My attempts to search for a “hard return” have failed. I’m using the term carriage return colloquially because it represents what I’m trying to edit, and I can’t actually identify what I’m seeing in the typed page. The single workaround I’ve found is to backspace over them inside the document, in my case to replace with a new line. One edit at a time works and appears on the page as I expect, deleting ¶ (pilcrow sign=PS) and overwriting ↵ (new line=NL), with View/Formatting Marks toggled on.
- 7.1 help docs claim the special character selector can be reached using CTRL+Shift+S in Find-and-Replace (FaR) dialogue fields, but that doesn’t work.

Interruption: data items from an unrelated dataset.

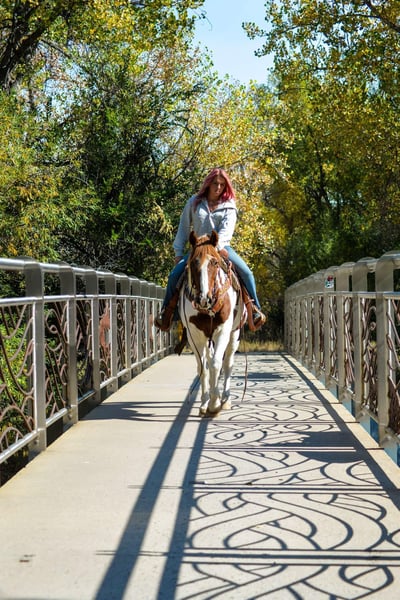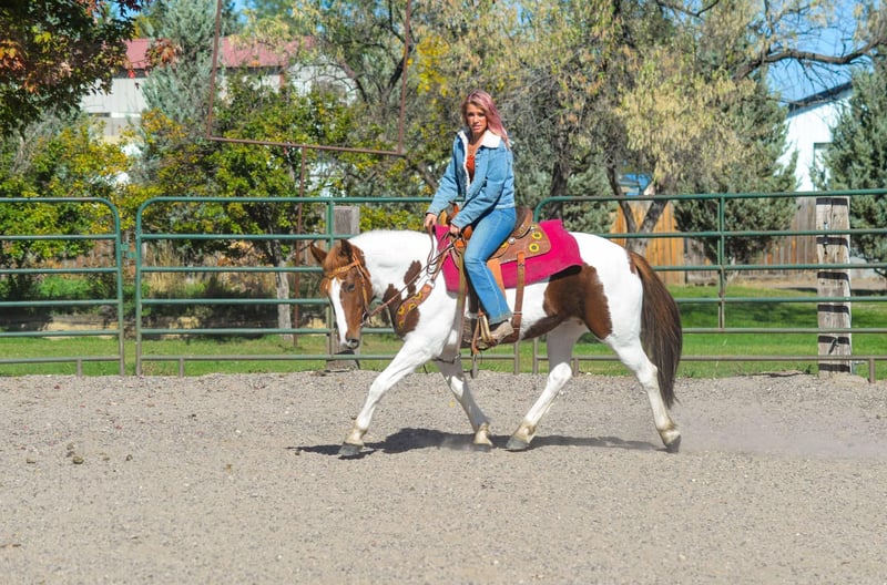 ONLINE AUCTION Place your bids at www.PlatinumEquineAuction.com Starting Bid $3500 Auction ends December 8th, 2024 Need a new saddle? Check out White Rock Saddles on our website or Facebook! Haven is a 10 year old (extremely eye catching) mustang paint mare! This mare is intelligent, athletic and EXTREMELY smart. This mare LOVES her job, she could work all day and still be having fun at the end of the day! She has been used for packing up into the mountains, hauling meat out and even seeing wild horses! She is great with steep terrain, knows how to use her hind end and if you drop your reins she’ll pick her way through rough territory! She has been in town as well, crossing bridges, around traffic (even with little kids on her) and around strollers,bikes and even a drive thru! She is fun! She has all the go and endurance you could ask for while being trustworthy, with a good brain. Haven has incredible feet and has been barefoot her whole life! We have carried flags on her, thrown tarps over and under her and messed around with trail obstacles, she is not hesitant to play with anything. Haven has a great collection and frame up, a smooth stop and rollback, flying lead changes, cross overs and is working on a finished neck rein. She is as handy in the arena as out with all of her desensitization, haven can still be untrusting on the ground. She loves having one owner and really needs a person that will spend time and bond with her Haven has been around the barrel pattern , is learning the poles and has even been roped off of making her a great all around mare for someone wanting to go any direction. This is a super fun mare (not to mention stunning) with a huge personality and a ton of brains. Don’t miss out!! Located in Fort Collins, CO. Contact Dynamite Horses Thea 970-632-3644 with any questions. ONLINE AUCTION Place your bids at www.PlatinumEquineAuction.com Starting Bid $3500 Auction ends December 8th, 2024 Need a new saddle? Check out White Rock Saddles on our website or Facebook!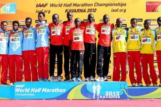 VM i halv maraton avgörs vart annat år. I våras genomfördes detta VM-lopp i Kavarna i Bulgarien. Här är prisutdelningen i lagtävlingen för herrar. 2014 får de afrikanska stjärnorna sällskap av 25 000 motionslöpare på den 21 098 meter långa banan genom Köpenhamn.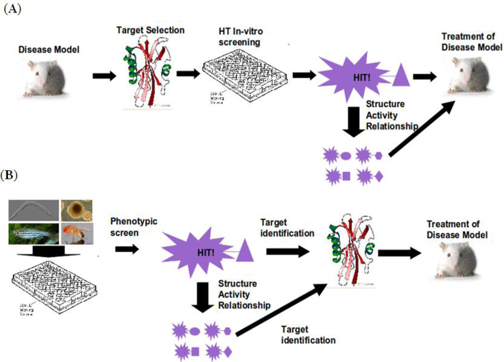 Workflow for two paradigms of drug discovery. (A) Conventional “Target centered” drug discovery; (B) In vivo model based drug discovery.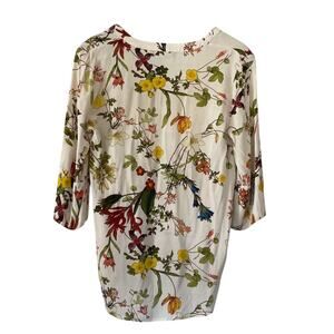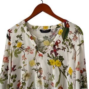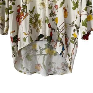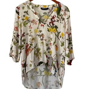Zara Ivory Floral V-Neck Ruffle 3/4 Sleeve High Low Blouse/Top Size, S

- I can select the Insert/Special Character… menu with FaR fields, but I can’t copy, paste, type, or even discover what that “hard return” character is; it doesn’t seem to exist in character sets I’ve compared.
- It appears PS is a working symbol that I can type or paste, but it doesn’t encode anything inside LO, like a CR, CRLF, or NL.
- I can type a “hard return” with the Enter key, and a “soft return” with Shift+Enter, but not inside FaR fields.
- I can copy and paste the end of a text line into FaR fields but it’s interpreted as only NL, as if PS isn’t there.
- I didn’t find any help on breakout characters, if that’s something I have yet to discover in LO.
Basically, I was putting lists into Thunderbird Mail messages and I hit formatting issues, and when I copied edited content from LO the mystery grew worse. Thunderbird’s default formats are invisible within its HTML environment, only seen as outcomes, and a combination of pasted NL and CR content turns into a mess that can only be fixed one line at a time inside Tbird. The short answer is to ensure any Tbird pasting defaults to Body Text, contains new paragraphs, and excludes NL. This means I need to FaR any NL from the original text, requiring knowledge of how to deal with the new paragraph marker per my question.